## Task to carry out
What's needed is an exact copy of all the data below, without pictures.

## Provided material
======

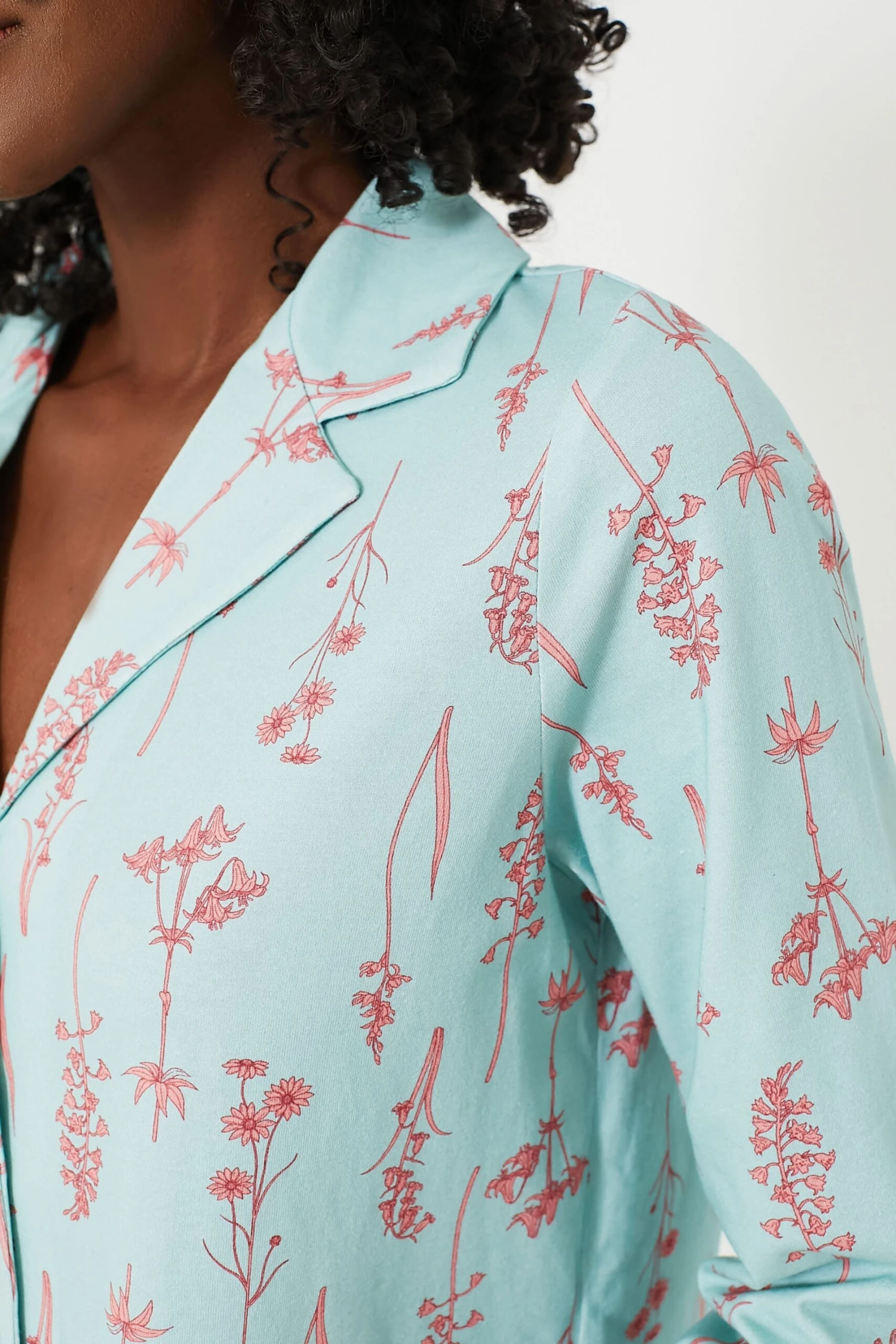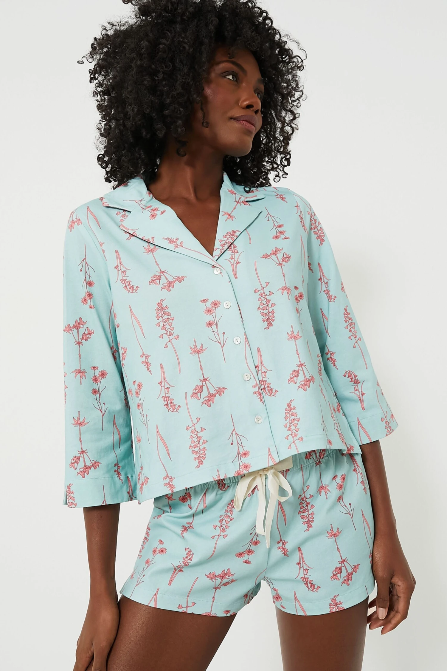 Drift off to dreamland knowing you look cute with the Beatrix Short Pajama Set. Printed with a pink herb motif on a subtle turquoise background, this style is crafted from the best quality cotton jersey that is thermal regulated and adapts to all seasons. A roomy shape, flexible elastic waist, small slits on the sides, – these pajamas are a no brainer!  Â
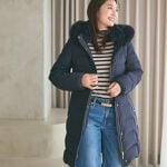 ブラックのMを購入しました。こちらのダウンは同じ型の物を5年位前に買って縫い目の隙間から羽毛がチラホラ出てきてしまっていたので新しく買い替えました。以前はリサイクルダウンではなくカナダダウンでした。まだ着ていませんが暖かさはどうなのか気になります。見た目は同じく高級感があり素敵です。
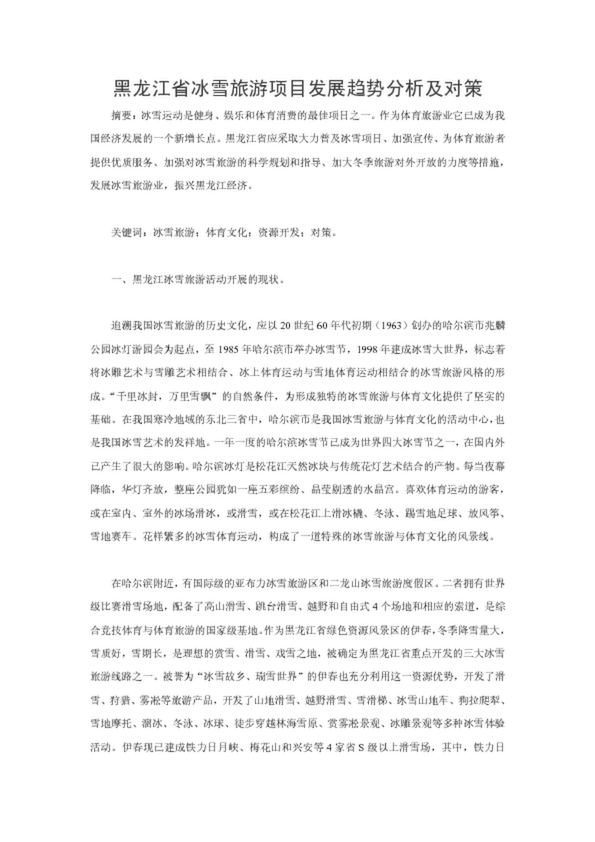 黑龍江省冰雪旅游項目發展趨勢分析及對策

======

## Response area
 Drift off to dreamland knowing you look cute with the Beatrix Short Pajama Set. Printed with a pink herb motif on a subtle turquoise background, this style is crafted from the best quality cotton jersey that is thermal regulated and adapts to all seasons. A roomy shape, flexible elastic waist, small slits on the sides, – these pajamas are a no brainer!  Â
 ブラックのMを購入しました。こちらのダウンは同じ型の物を5年位前に買って縫い目の隙間から羽毛がチラホラ出てきてしまっていたので新しく買い替えました。以前はリサイクルダウンではなくカナダダウンでした。まだ着ていませんが暖かさはどうなのか気になります。見た目は同じく高級感があり素敵です。
 黑龍江省冰雪旅游項目發展趨勢分析及對策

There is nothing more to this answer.